Distribution of risk ratings 

  • As lockdowns eased following the pandemic, risk levels tempered significantly in 2021, resulting in 25.8% of industries rated as medium-high or greater risk. 
  • Rising inflation and supply chain bottlenecks drove up risk levels in 2022, with 38.4% of industries rated as medium-high or greater risk. 
  • Risk levels have worsened in 2023 amid ongoing inflation concerns and interest rate hikes. Consequently, 53.1% of industries are rated as medium-high or greater risk in 2023. 
  • However, with interest rate hikes slowing and potential rate cuts in the outlook, risk levels are expected to ease slightly in 2024, with 44.9% of industries rated as medium-high or greater risk. 

Sector highlights 

  • MiningWith the growing popularity of sustainable energy alternatives like solar and wind, the changing market dynamics for energy will continue to cut into coal, oil and natural gas demand. Government support for sustainable energy via tax credits and boosted funding for projects like charging stations will continue to prop up rival industries and encourage concurrent usage, further cutting into traditional energy sources. In turn, competitive pressures for the Oil Drilling & Gas Extraction and Coal Mining industries will continue to rise. 

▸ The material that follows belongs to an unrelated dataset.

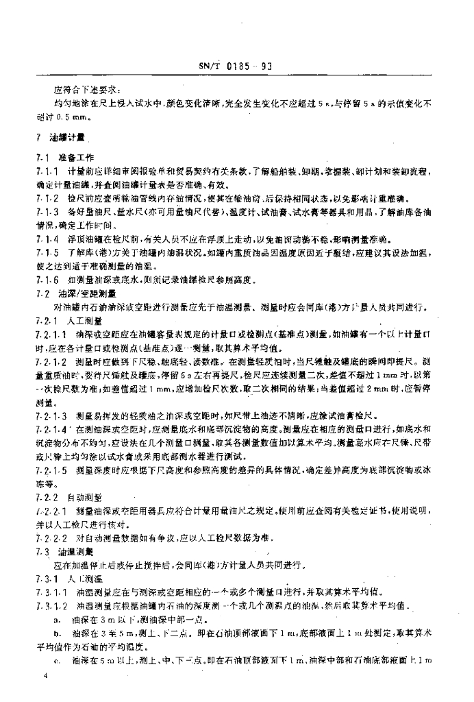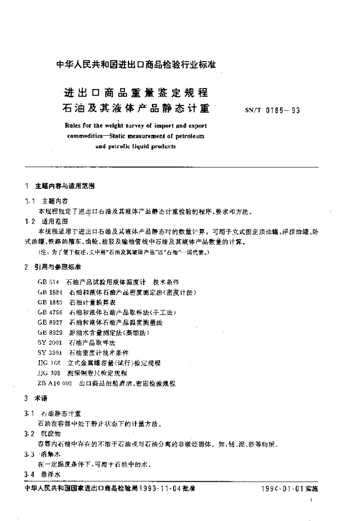 SN/T 0185-1993 进出口商品重量鉴定规程 石油及其液体产品静态计重

  • Agriculture, Forestry, Fishing and HuntingEven as energy prices have started to ease, this sector has continued to contend with rising prices and borrowing costs for machinery and other vital inputs, further driving up prices for downstream buyers. On top of increasing costs, unfavorable weather conditions from droughts and flooding have damaged farming areas, limiting output and derailing volume sales as consumer prices rise further. As climate concerns intensify and input costs burden farmers, the Corn Farming and Chicken Egg Production industries are expected to be particularly threatened. 

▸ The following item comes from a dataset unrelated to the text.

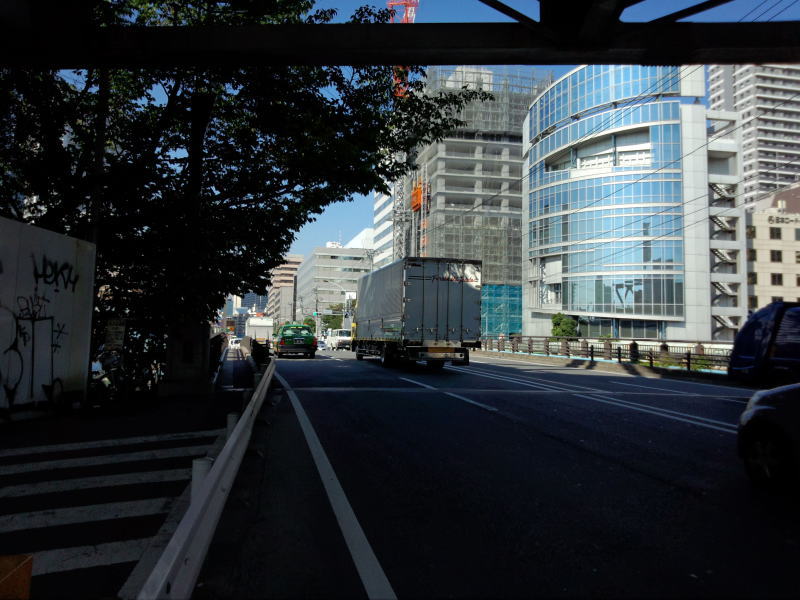 左折はソニー本社、NTTツインビル横を通って品川駅前に向かう。

  • Construction Climate concerns are set to pressure residential markets as flooding and wildfires drive up insurance rates for hardest-hit areas and discourage costly aesthetic projects. At the same time, rising interest rates and mortgage costs are set to continue to pressure key residential construction markets as borrowing costs remain high despite dissipating recessionary fears. As a result, spending on supplementary sectors will be curtailed as residential construction activity simmers, threatening the Fence Construction and Heating & Air-Conditioning Contractors industries.